WORK ORDER — Transcribe exactly, please, the line bearing "- После окончания" and all later lines through the end of the records, with the pictures left out.

INPUT FOR THIS TASK —

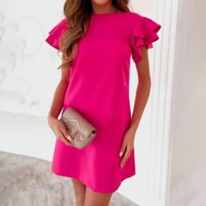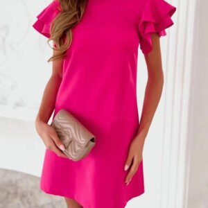 Rose Red Flutter Sleeve Plain Mini Dress
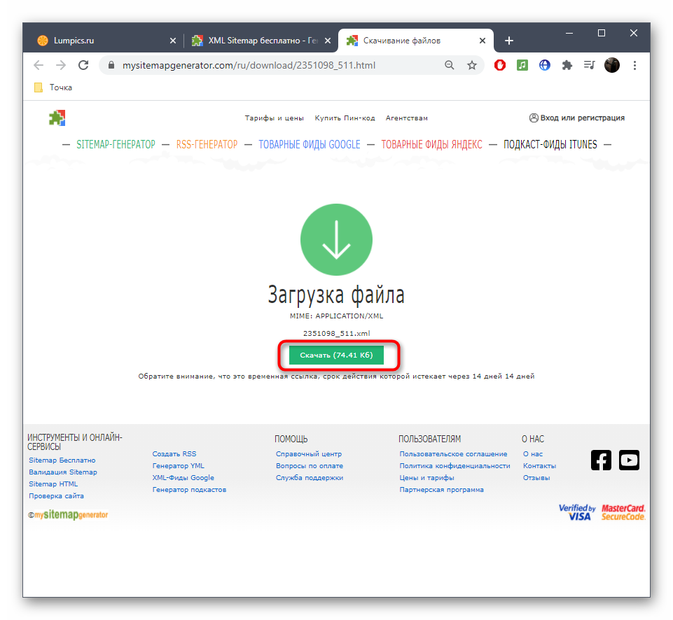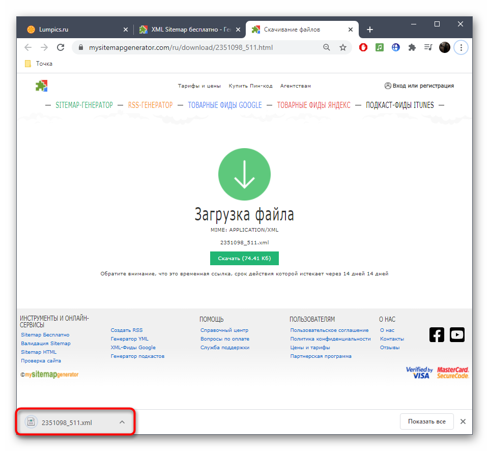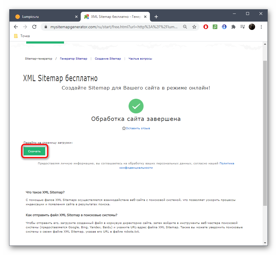 - После окончания процесса нажимаем кнопку «Download your XML Sitemap file» и скачиваем в удобную директорию на компьютер.
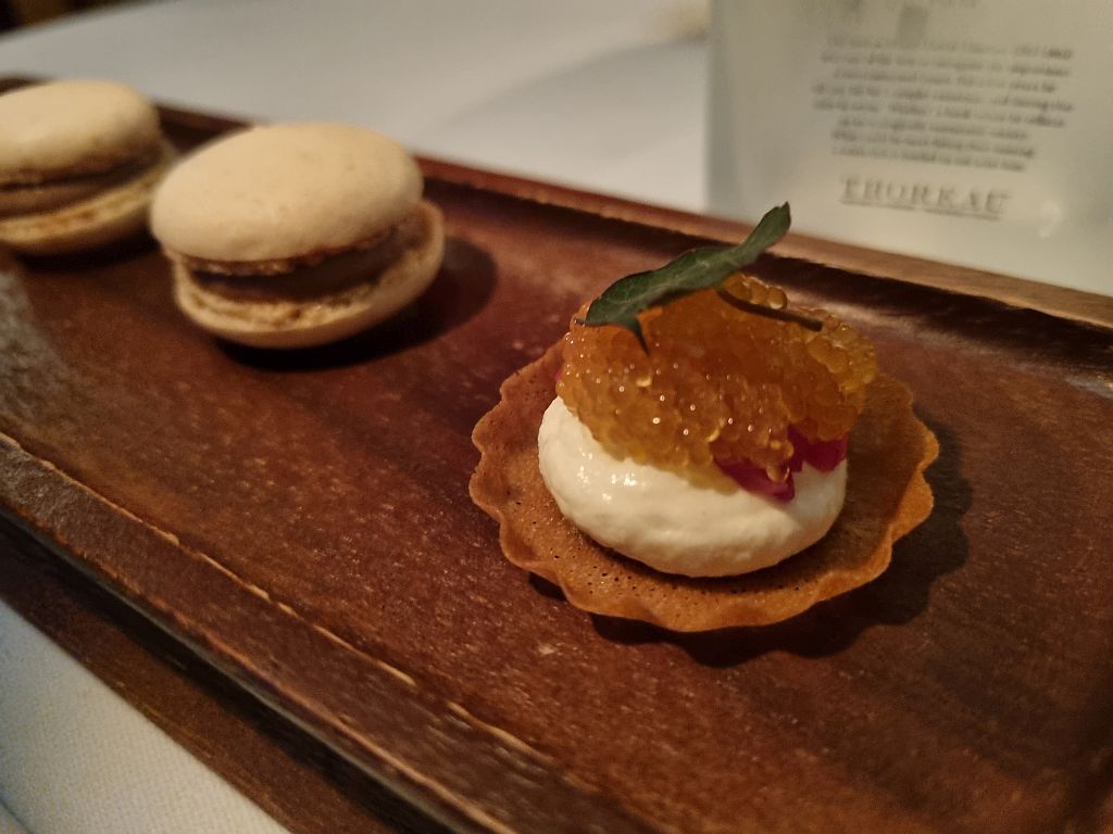 Der Kaviar war … halt da. Dafür war der Rest nicht weniger als grandios! Echt hohe Kochkunst, einfach lecker, nicht zu verkopft und dazu auch sehr spannende Weinauswahl. Die Sommelier hat uns bei jedem Gang ihre Idee zu dem Pairing erklärt und teilweise sogar die Glaswahl (kleines Glas bei einem Chardonnay, Rotweinglas bei einem Riesling von Bürklin-Wolf am Anfang) begründet.
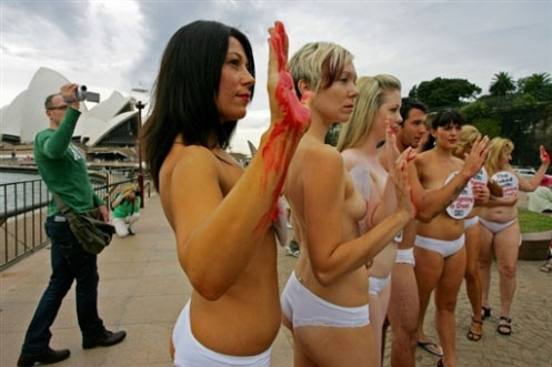 美女裸體抗議斗牛比賽殘忍。
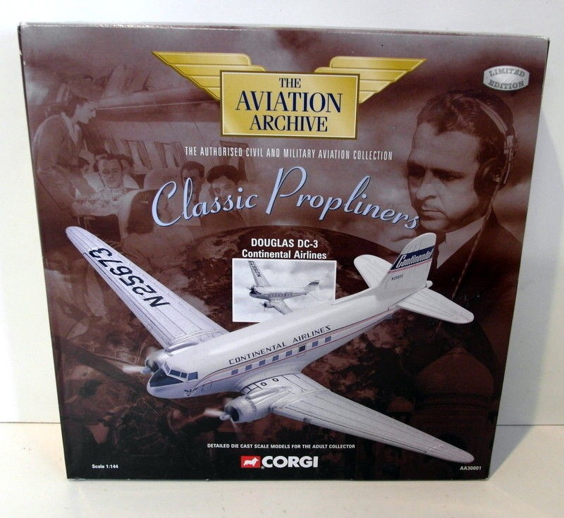 Corgi AA30001 Douglas DC-3 Continental Airlines 1:144 Die Cast Ltd Ed. Propliner
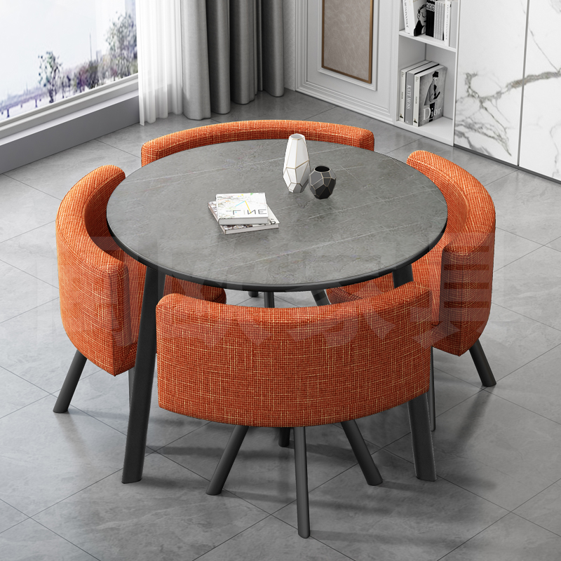 岩板餐桌洽谈接待桌椅组合售楼处奶茶店会客网红休闲大理石小圆桌
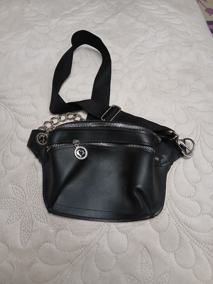 Siyah deri, kemerli ve fermuarlı detaylı çapraz çanta, günlük kullanım için minimalist goth tarzında tasarlanmıştır.
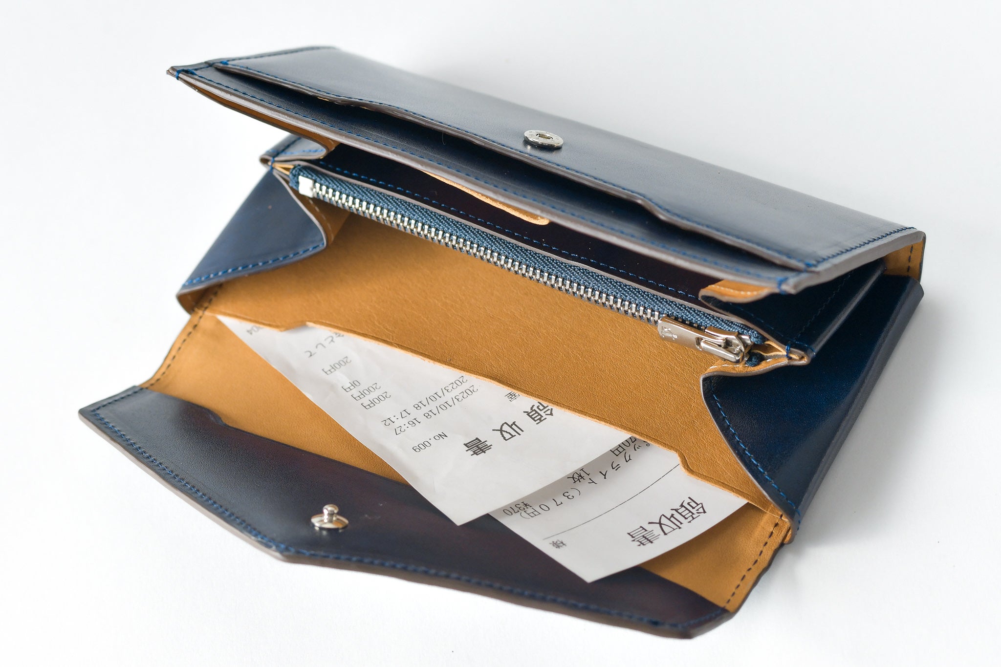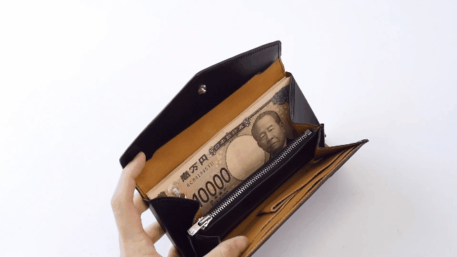 フラップの長財布を使っていて、お札の端が折れてストレスを感じた経験ありませんか?原因はマチに使われている革がお札の角に接触することでした。
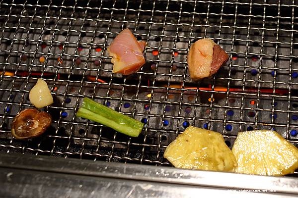 ↑蔬果類的記得放旁邊,放中間火會太大,容易烤焦喔
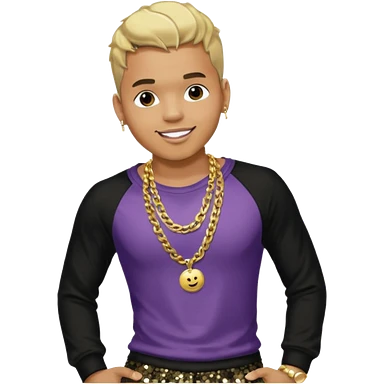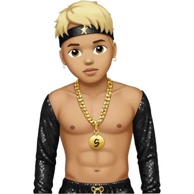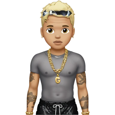 Chris Brown with blonde hair, black sequin baggy pants, shirtless with necklace emoji
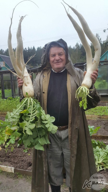Алёна Антоненко прислала на конкурс фотографии дайкона, собранного на участке в дачном поселке Дубравы в Молодечненском районе. Редьку огромного размера вырастил сосед, а женщина его запечатлела.
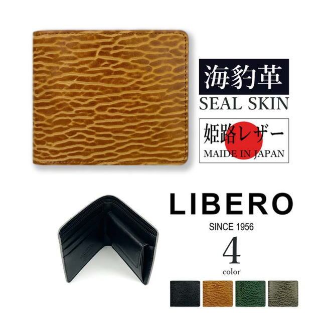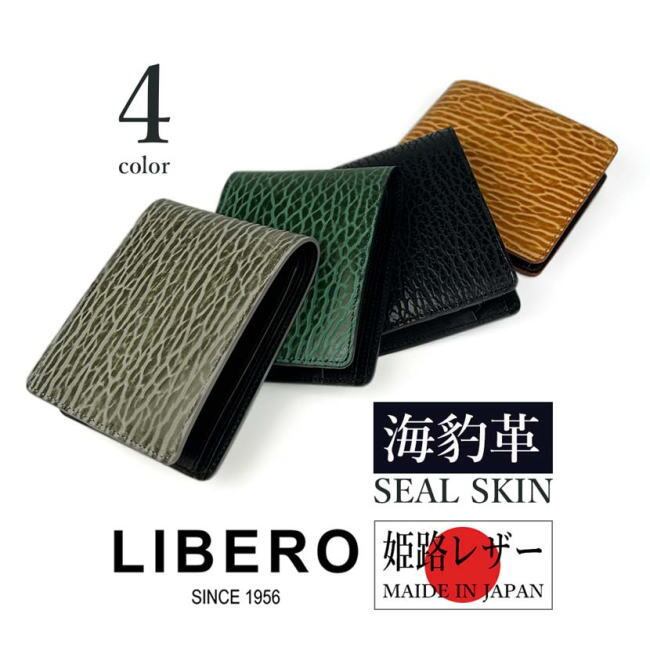 ブラック リベロ 日本製 高級 アザラシ革×姫路レザー 二折財布 1401
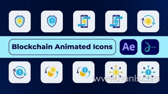 10个AI人工智能加密货币技术主题区块链动画图标AE模板下载 Blockchain Animated Icons
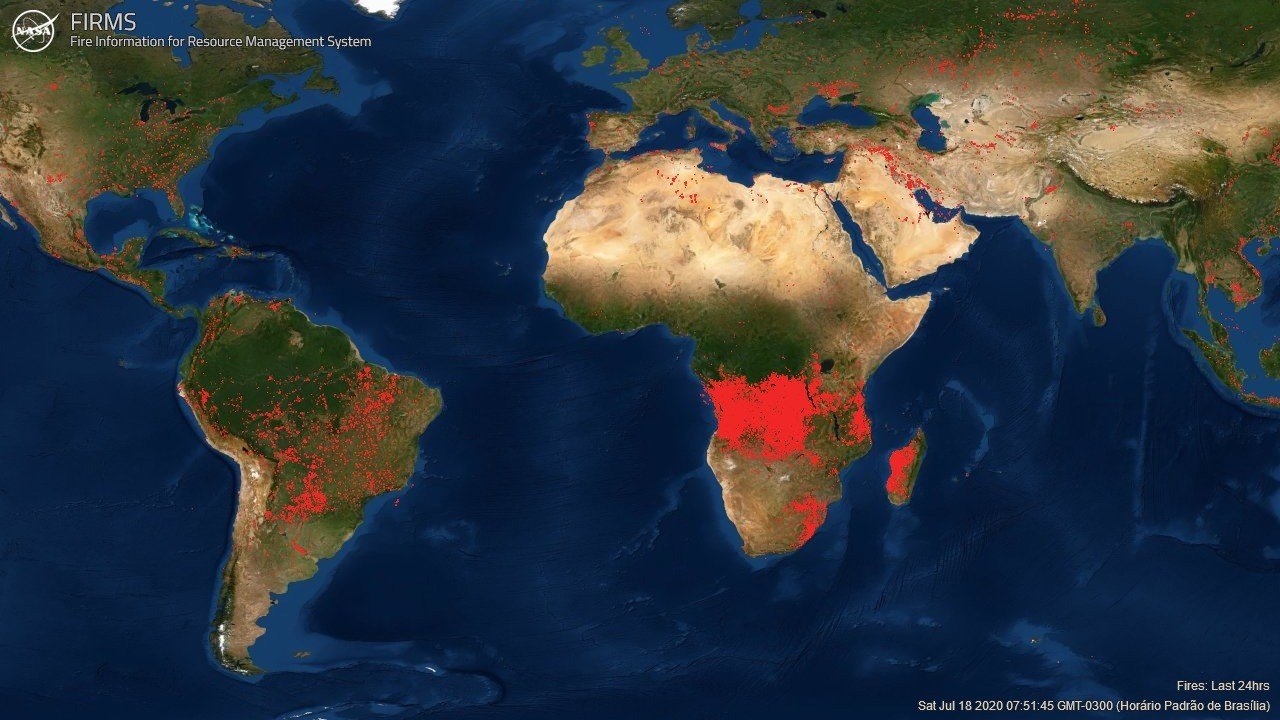 Uma imagem de 18 de julho, emitida pelo Fire Information for Resource Management System (Firms) do Earth System Data (Esdis) da Nasa, mostra os focos de fogo ativos na vegetação do mundo nas 24 horas anteriores. Como se pode constatar, os incêndios registrados no Brasil perdem para os da Argentina e nem se comparam com os que consomem a segunda maior floresta tropical do mundo, a da Bacia do Congo, e a Ilha de Madagascar, ambas na África.
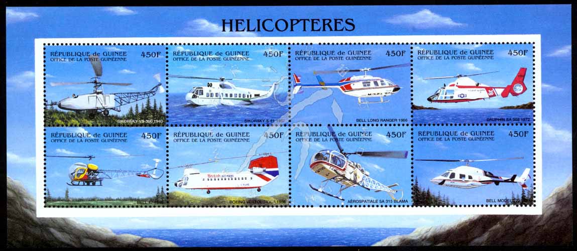 直升飞机,贝尔47等老式直升飞机小版张(8票)(我社已售缺)

OUTPUT FOR THIS EXERCISE —
 - После окончания процесса нажимаем кнопку «Download your XML Sitemap file» и скачиваем в удобную директорию на компьютер.
 Der Kaviar war … halt da. Dafür war der Rest nicht weniger als grandios! Echt hohe Kochkunst, einfach lecker, nicht zu verkopft und dazu auch sehr spannende Weinauswahl. Die Sommelier hat uns bei jedem Gang ihre Idee zu dem Pairing erklärt und teilweise sogar die Glaswahl (kleines Glas bei einem Chardonnay, Rotweinglas bei einem Riesling von Bürklin-Wolf am Anfang) begründet.
 美女裸體抗議斗牛比賽殘忍。
 Corgi AA30001 Douglas DC-3 Continental Airlines 1:144 Die Cast Ltd Ed. Propliner
 岩板餐桌洽谈接待桌椅组合售楼处奶茶店会客网红休闲大理石小圆桌
 Siyah deri, kemerli ve fermuarlı detaylı çapraz çanta, günlük kullanım için minimalist goth tarzında tasarlanmıştır.
 フラップの長財布を使っていて、お札の端が折れてストレスを感じた経験ありませんか?原因はマチに使われている革がお札の角に接触することでした。
 ↑蔬果類的記得放旁邊,放中間火會太大,容易烤焦喔
 Chris Brown with blonde hair, black sequin baggy pants, shirtless with necklace emoji
Алёна Антоненко прислала на конкурс фотографии дайкона, собранного на участке в дачном поселке Дубравы в Молодечненском районе. Редьку огромного размера вырастил сосед, а женщина его запечатлела.
 ブラック リベロ 日本製 高級 アザラシ革×姫路レザー 二折財布 1401
 10个AI人工智能加密货币技术主题区块链动画图标AE模板下载 Blockchain Animated Icons
 Uma imagem de 18 de julho, emitida pelo Fire Information for Resource Management System (Firms) do Earth System Data (Esdis) da Nasa, mostra os focos de fogo ativos na vegetação do mundo nas 24 horas anteriores. Como se pode constatar, os incêndios registrados no Brasil perdem para os da Argentina e nem se comparam com os que consomem a segunda maior floresta tropical do mundo, a da Bacia do Congo, e a Ilha de Madagascar, ambas na África.
 直升飞机,贝尔47等老式直升飞机小版张(8票)(我社已售缺)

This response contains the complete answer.